DATA FOR THIS EXERCISE:
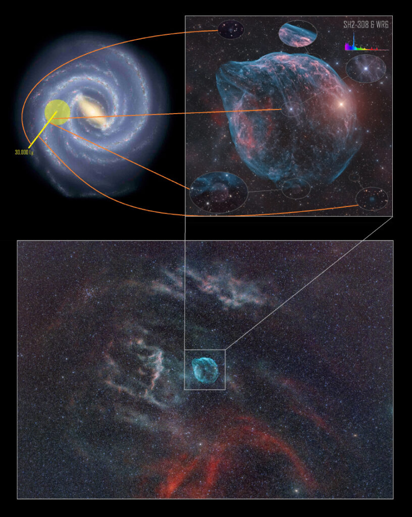 Ampliando lo sguardo e allontanandoci dal guscio principale, ovvero la Testa del Delfino, è possibile osservare inoltre altre nebulosità più estese, concentriche e centrate sempre su WR6. I due principali “complessi” di questa struttura sono classificati come SH2-303, SH2-304 e sembrano appunto strette parenti di SH2-308 e WR6.
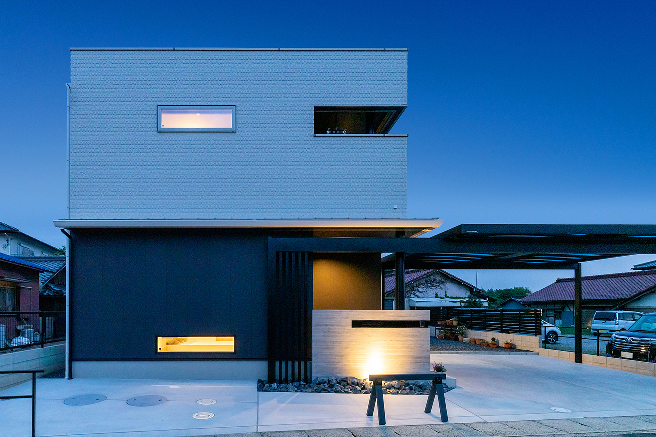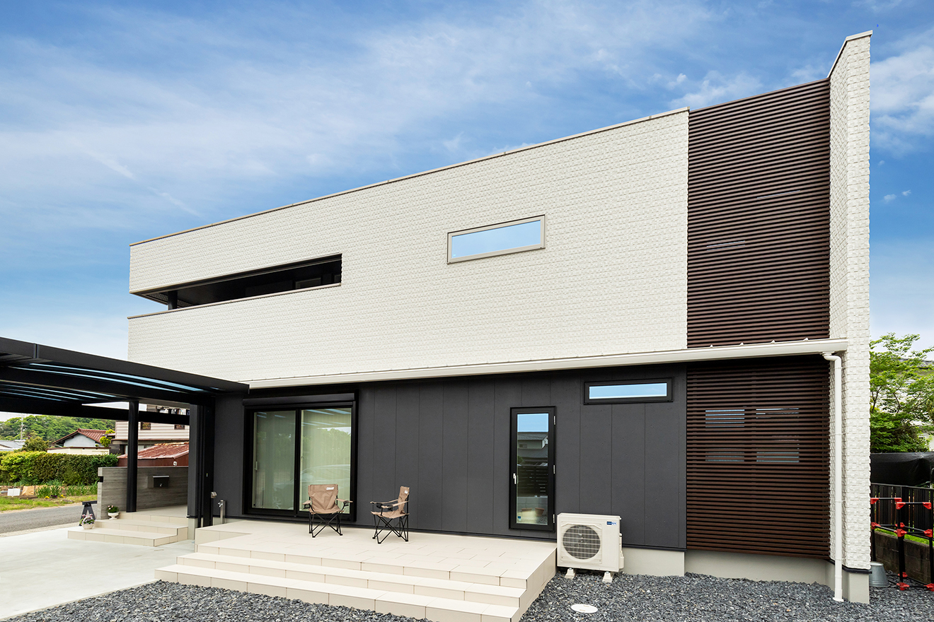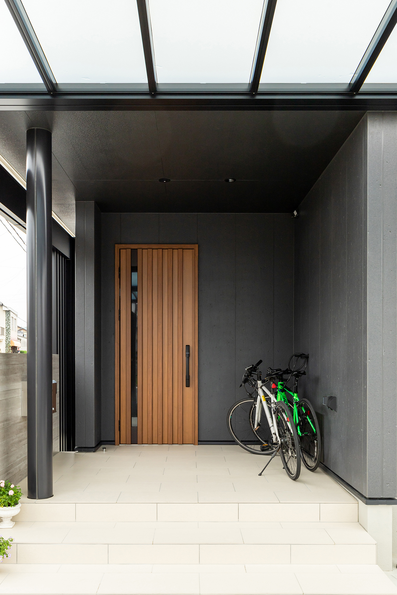 【外観】上下で分けた外壁。下部は縦貼りにすることでスタイリッシュに仕上がりました。木目調の横格子が外観のアクセントに。 【玄関】軒の深い玄関ポーチ。ブラックを基調とした中に木目調の玄関ドアが映えます。
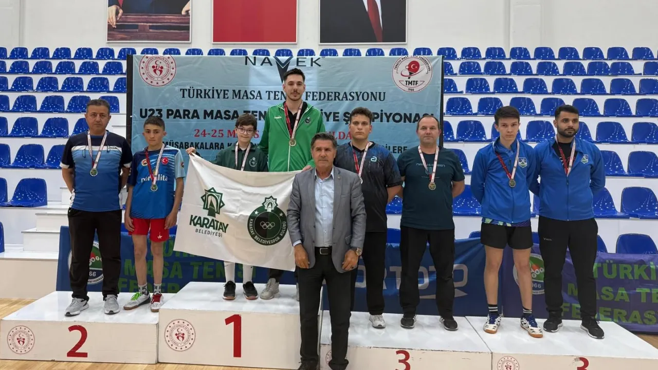 Konya'da Karatay Belediyespor Kulübü sporcusu Tahir Efe Şahin, 23 Yaş Altı Paralimpik Masa Tenisi Türkiye Şampiyonası’nda gösterdiği üstün performansla büyük bir başarıya imza attı.KONYA (İGFA) - Konya'da Karatay Belediyespor, ulusal ve uluslararası organizasyonlarda kazandığı madalyalarla ilçenin gururu olmaya devam ediyor.
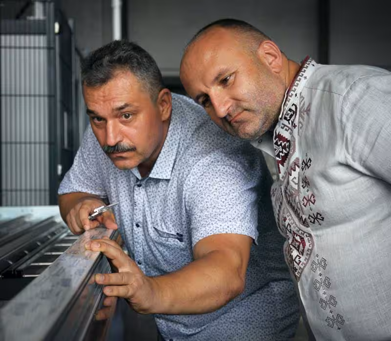 A Viknar'Off vezérigazgatója, Sergii Zakharchyshyn (jobbra) és a GEALAN alkalmazástechnikai mérnöke, Yurii Chervonyi egy új profilfeldolgozó rendszeren dolgoznak; a gyártósor egy műszak alatt akár 300 ablak előállítására képes és alkalmas GEALAN-acrylcolor® profilok feldolgozására is.
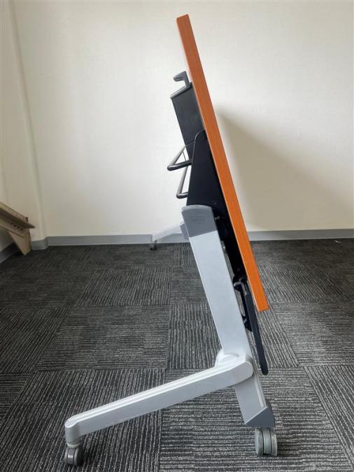 簡単なレイアウト調整 天板を倒すだけでキャスターのロックが可能 ウチダ スタックテーブル- 茨城南店
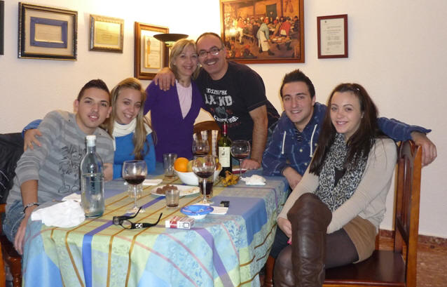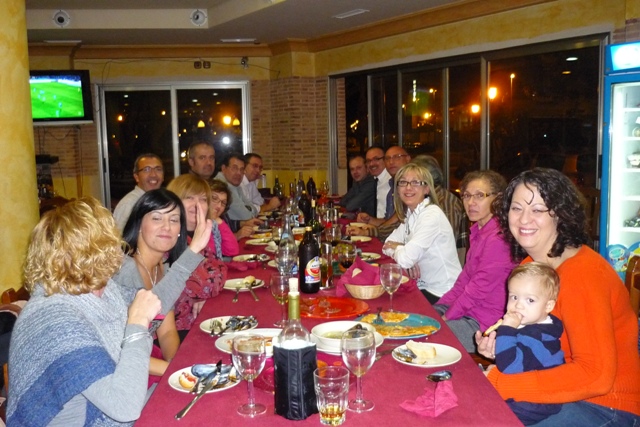 | 10.- La familia al completo, mis dos hijas, Claudia y Marta, con mis dos yernos, Antonio y Adrià. | 12.- Cena de amistad que celebramos a final de año. Rafa, Agustín, Miguel, Galán y Paco. | |
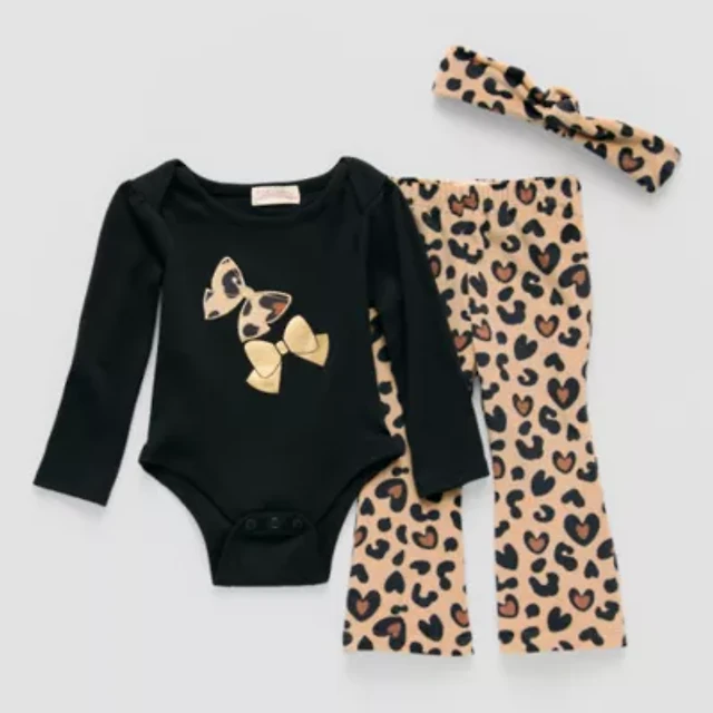 Btween Cheetah Bow Baby Girls 2-pc. Pant Set
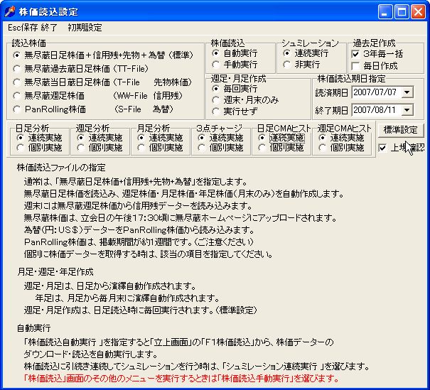 通常は、株価読込自動実行とそれに引き続くシュミレーションの連続実行を指定します。
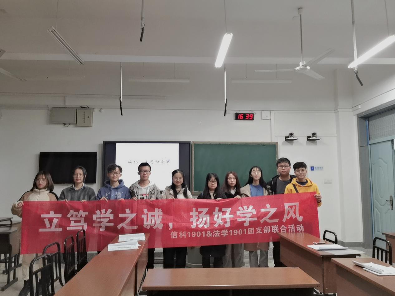 临近期末,各种考试如期而至。借此机会信科1901和球王会1901团支部联合开展以“立笃学之诚,扬好学之风”为主题的团日活动,以此鼓励同学们弘扬学术正气,独立地思考和解决问题,杜绝考试作弊。本次团日活动从12月16日到12月25日历时10天,信科1901班和法学1901班全体同学参加活动。
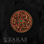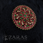 From simple elegant pieces to beautiful traditional pieces, Zaras has an absolutely stunning collection of Rakodi. The varieties include Goddess Lakshmi-inspired rakodi, layered with maroon and green kemp stones and white stones. An intricate carving of Goddess Lakshmi, sitting on the lotus, showing varada hasta and her devotees nearby, in golden foil is placed in the centre.
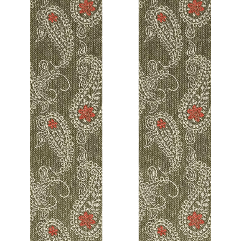 Die Bänder des Hosenträgers Aligia aus Seide sind khaki-weiss-rot zeigen ein Paisley-Muster.
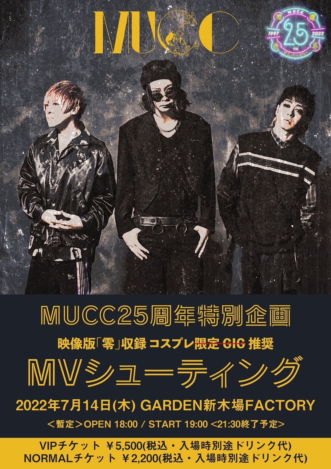 MUCCが、ニューアルバム『新世界』の収録曲である「零」のミュージックビデオのシューティングイベントを7月14日にGARDEN 新木場 FACTORYで開催することを発表した。
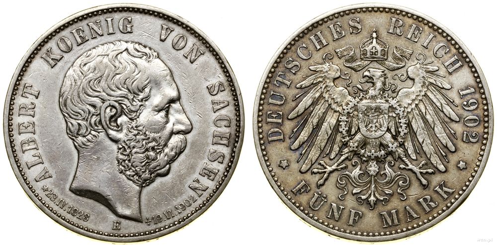| Opis: | Niemcy - Saksonia - linia albertyńska (1547–1918) - Albert (1873–1902), 5 marek pośmiertne, 1902 E, Muldenhütten |
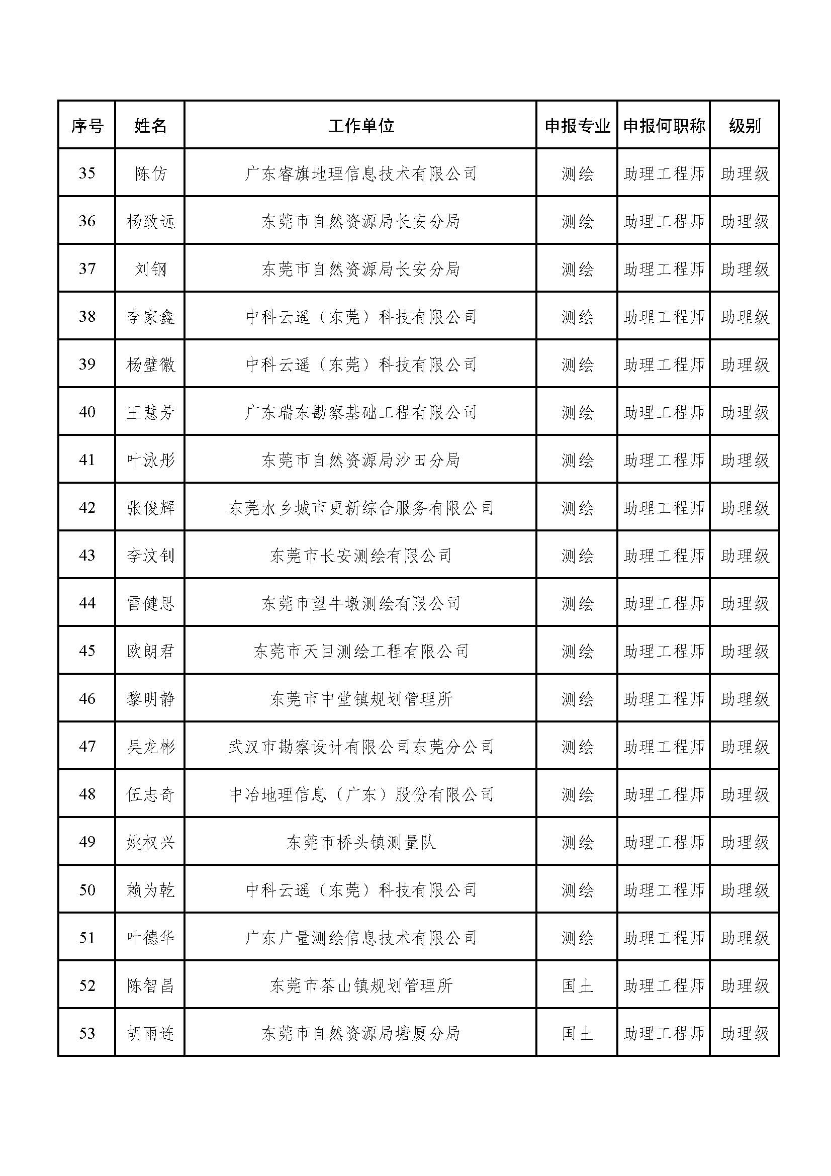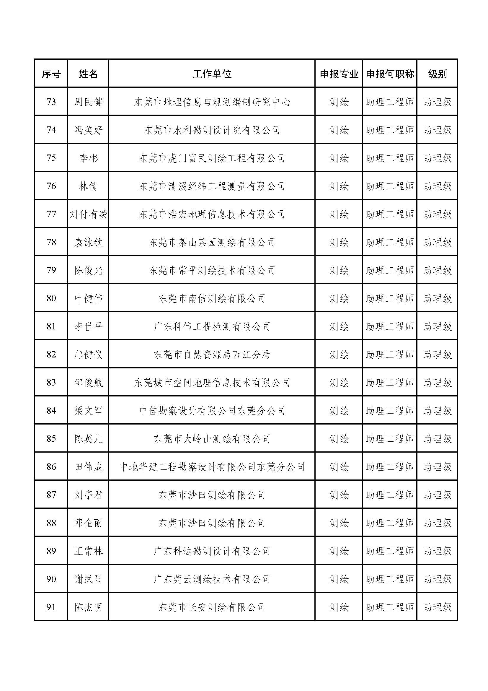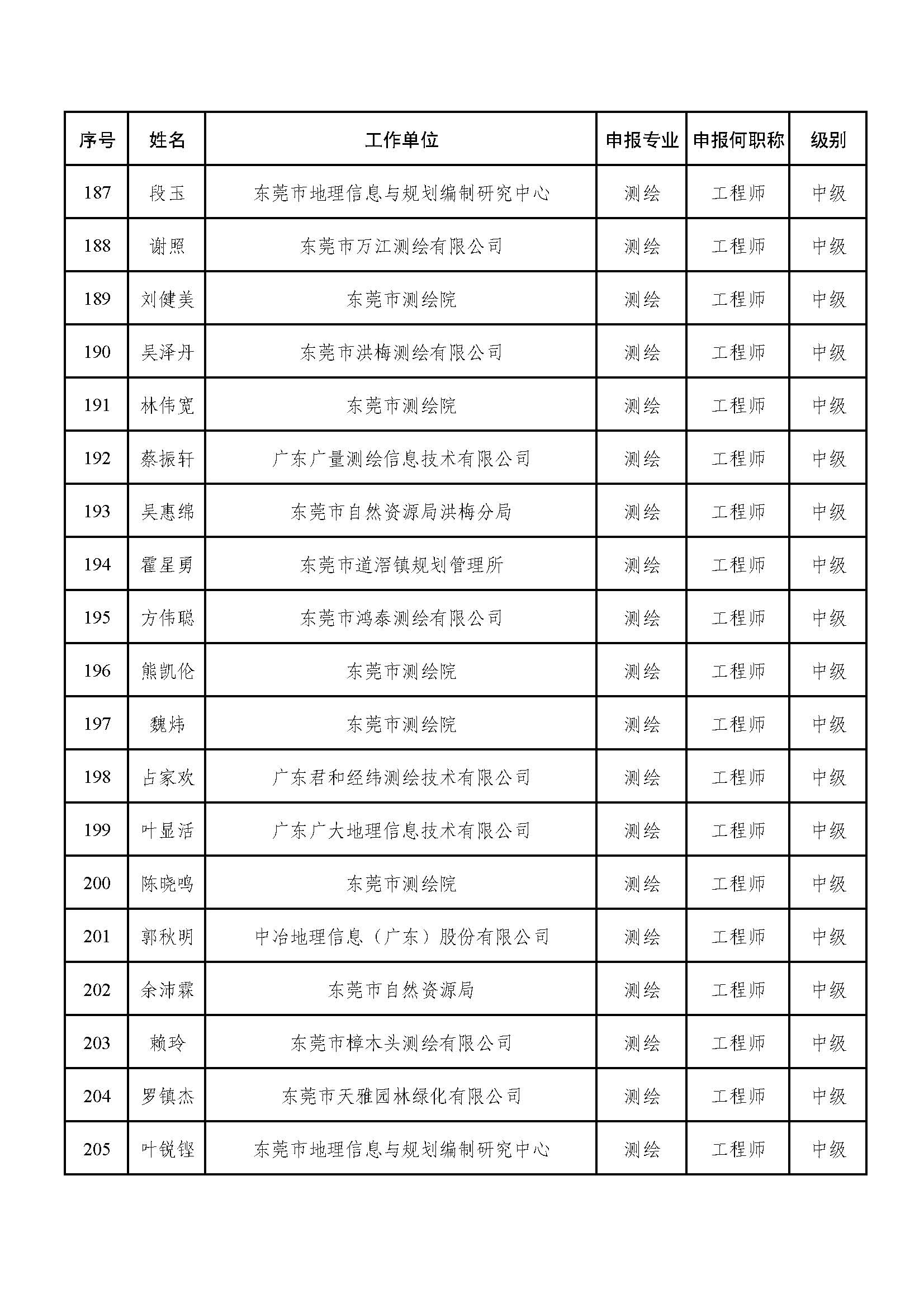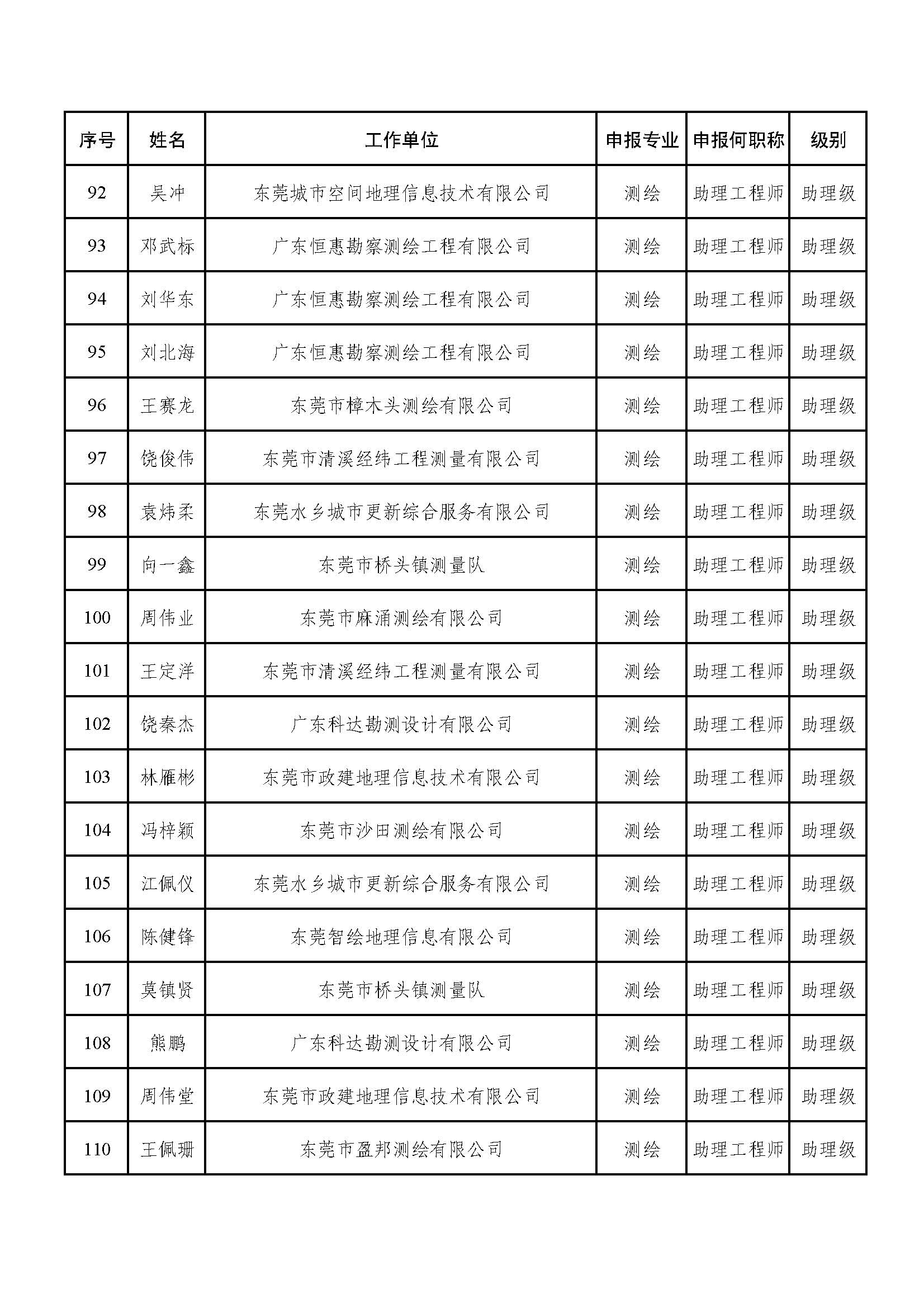 2023年度东莞市自然资源专业中级职称评审委员会专家评审工作已结束。经东莞市工程系列自然资源专业中级职称评审委员会评审,钟依伟等23名同志取得技术员职称,黄禧等149名同志取得助理工程师职称,蔡德楠等72名同志取得工程师称职;陈怡冰等40名同志未获评审通过(附件1)。现根据有关规定予以公示。公示时间从即日起,公示期5个工作日。
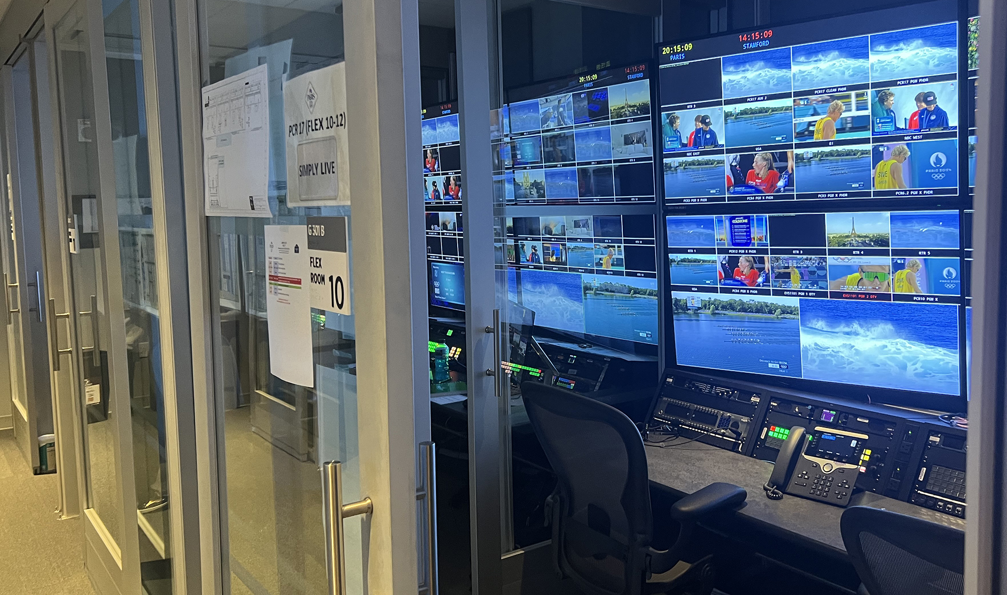 During the 19 days of Paris 2024 coverage, Stamford is housing 17 production-control rooms, the lion’s share of NBC’s live studio productions, 28 off-tube announce booths, a dozen “flex rooms” that can serve a variety of needs, 24/7 live ingest and editing, the massive Highlights Factory operation, the broadcast-operations center, and more.

PROBLEM REQUIREMENTS: Give again, exactly as written above, each line from the one that has "y Paco. | |" to the one that has "2023年度东莞市自然资源专", both included; omit the pictures.

ANSWER TO THE PROBLEM:
 | 10.- La familia al completo, mis dos hijas, Claudia y Marta, con mis dos yernos, Antonio y Adrià. | 12.- Cena de amistad que celebramos a final de año. Rafa, Agustín, Miguel, Galán y Paco. | |
 Btween Cheetah Bow Baby Girls 2-pc. Pant Set
 通常は、株価読込自動実行とそれに引き続くシュミレーションの連続実行を指定します。
 临近期末,各种考试如期而至。借此机会信科1901和球王会1901团支部联合开展以“立笃学之诚,扬好学之风”为主题的团日活动,以此鼓励同学们弘扬学术正气,独立地思考和解决问题,杜绝考试作弊。本次团日活动从12月16日到12月25日历时10天,信科1901班和法学1901班全体同学参加活动。
 From simple elegant pieces to beautiful traditional pieces, Zaras has an absolutely stunning collection of Rakodi. The varieties include Goddess Lakshmi-inspired rakodi, layered with maroon and green kemp stones and white stones. An intricate carving of Goddess Lakshmi, sitting on the lotus, showing varada hasta and her devotees nearby, in golden foil is placed in the centre.
 Die Bänder des Hosenträgers Aligia aus Seide sind khaki-weiss-rot zeigen ein Paisley-Muster.
 MUCCが、ニューアルバム『新世界』の収録曲である「零」のミュージックビデオのシューティングイベントを7月14日にGARDEN 新木場 FACTORYで開催することを発表した。
| Opis: | Niemcy - Saksonia - linia albertyńska (1547–1918) - Albert (1873–1902), 5 marek pośmiertne, 1902 E, Muldenhütten |
 2023年度东莞市自然资源专业中级职称评审委员会专家评审工作已结束。经东莞市工程系列自然资源专业中级职称评审委员会评审,钟依伟等23名同志取得技术员职称,黄禧等149名同志取得助理工程师职称,蔡德楠等72名同志取得工程师称职;陈怡冰等40名同志未获评审通过(附件1)。现根据有关规定予以公示。公示时间从即日起,公示期5个工作日。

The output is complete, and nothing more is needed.